=== What is required ===
Every entry below should be repeated exactly; the pictures should not.

=== Material provided ===
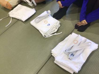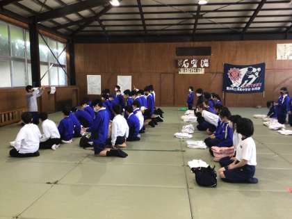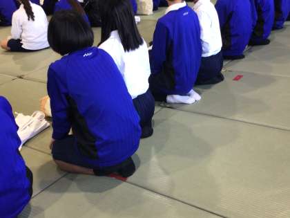 体育は、柔道の授業が始まります。正座の方法から学びます。少し緊張しています。
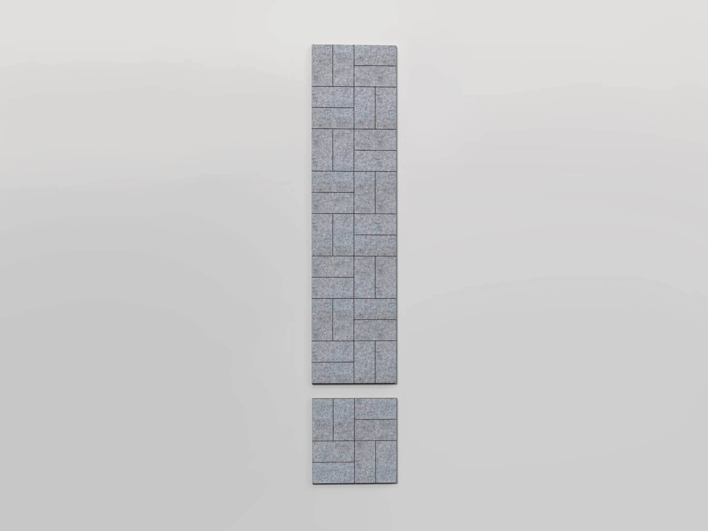 Rechthoekig akoestisch paneel met rechthoekige vlakken in grill patroon en een NRC Waarde van 0,45. Met een V-vormige uitsnede in de rand. Bestellen als set in 1 kleur. Prijs per set.. Zonder installatieset. Voor montage wordt Pattex geadviseerd.
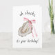 Esta tarjeta de cumpleaños incluye un retrato acuarela de una ostra adornada con un arco rosado.
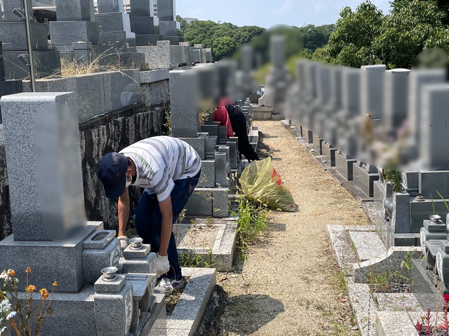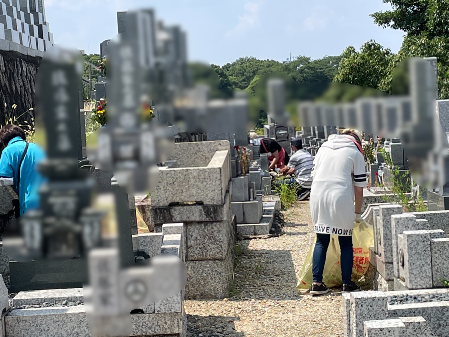 毎年お盆前のこの時期と年末前に平和公園の草むしり作業を行なっています。
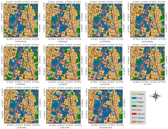 We compared the classification results of multiple time-series models. The models included in the comparison are Transformer [31], Reformer [32], FEDformer [33], Crossformer [34], Dlinear [35], LightTS [36], PatchTST [37], FiLM [38], and TimesNet [39]. The experiment used the same dataset in Section 3.2.2 and retained the model with the highest accuracy after five independent training sessions. The hyperparameter configuration for Bi-LSTM can be found in Section 3.2.2. The remaining models were all set with an initial learning rate of 0.001, a maximum of 100 epochs, a batch_size of 16, a loss function of CrossEntropyLoss, and the optimizer ADAM. The accuracy evaluation metric displayed is the F1 score for each crop category. Additionally, the average F1 and weighted F1 were calculated. The weights for the weighted F1 are as follows: 0.8 for cotton, 0.05 for corn, and 0025 for all other crops.
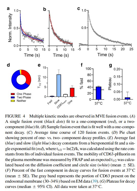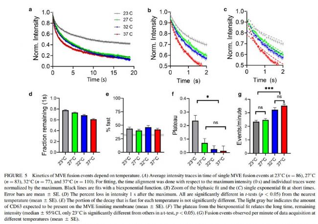 對不同動力學模式進行分析,顯示外泌體與質膜融合事件受溫度控制。
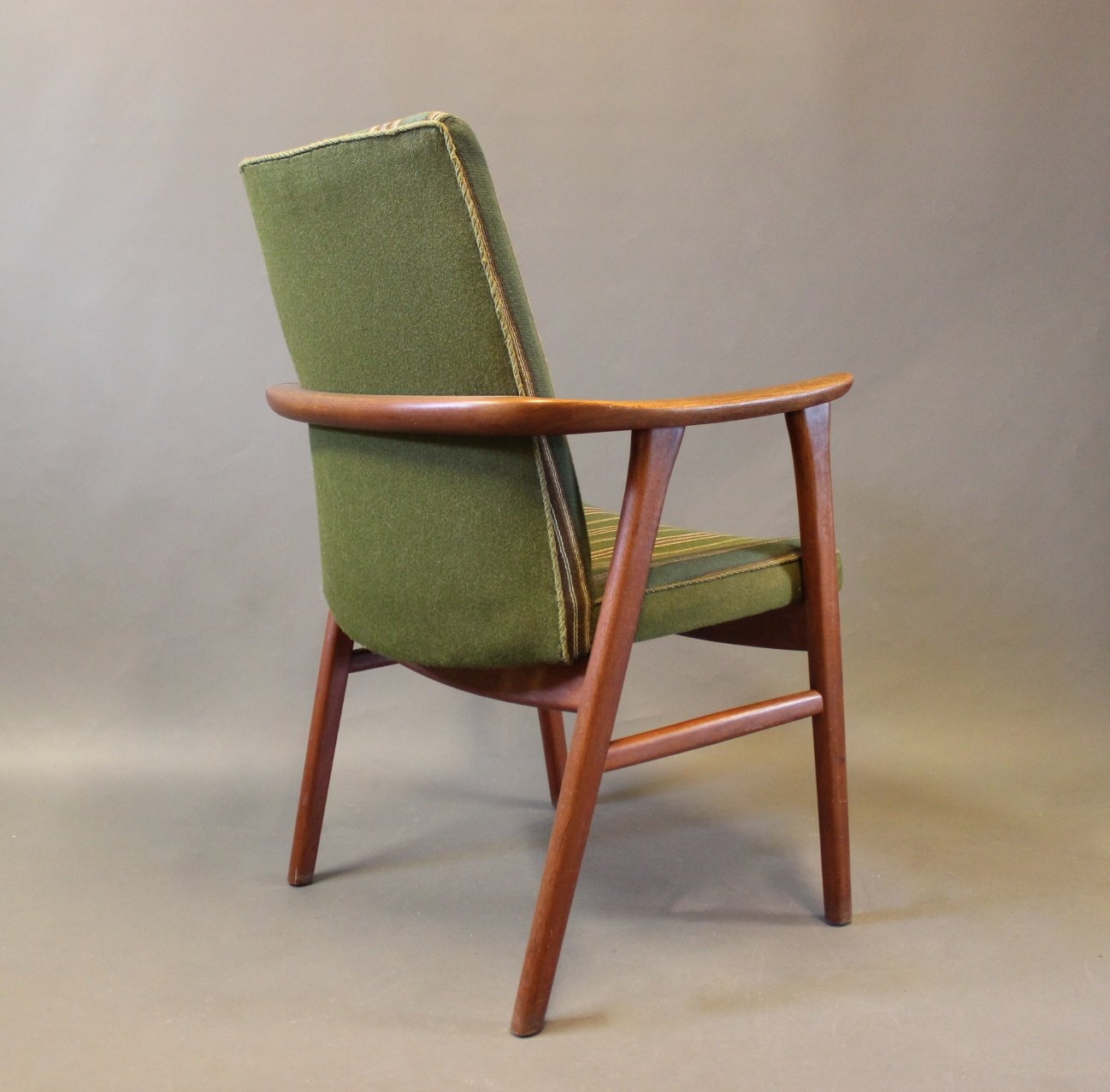 Armstol i teak og polstret i grønt stof af Dansk design fra 1960erne. Stolen er i rigtig flot brugt stand.

=== Output of the task ===
 体育は、柔道の授業が始まります。正座の方法から学びます。少し緊張しています。
 Rechthoekig akoestisch paneel met rechthoekige vlakken in grill patroon en een NRC Waarde van 0,45. Met een V-vormige uitsnede in de rand. Bestellen als set in 1 kleur. Prijs per set.. Zonder installatieset. Voor montage wordt Pattex geadviseerd.
 Esta tarjeta de cumpleaños incluye un retrato acuarela de una ostra adornada con un arco rosado.
 毎年お盆前のこの時期と年末前に平和公園の草むしり作業を行なっています。
 We compared the classification results of multiple time-series models. The models included in the comparison are Transformer [31], Reformer [32], FEDformer [33], Crossformer [34], Dlinear [35], LightTS [36], PatchTST [37], FiLM [38], and TimesNet [39]. The experiment used the same dataset in Section 3.2.2 and retained the model with the highest accuracy after five independent training sessions. The hyperparameter configuration for Bi-LSTM can be found in Section 3.2.2. The remaining models were all set with an initial learning rate of 0.001, a maximum of 100 epochs, a batch_size of 16, a loss function of CrossEntropyLoss, and the optimizer ADAM. The accuracy evaluation metric displayed is the F1 score for each crop category. Additionally, the average F1 and weighted F1 were calculated. The weights for the weighted F1 are as follows: 0.8 for cotton, 0.05 for corn, and 0025 for all other crops.
 對不同動力學模式進行分析,顯示外泌體與質膜融合事件受溫度控制。
 Armstol i teak og polstret i grønt stof af Dansk design fra 1960erne. Stolen er i rigtig flot brugt stand.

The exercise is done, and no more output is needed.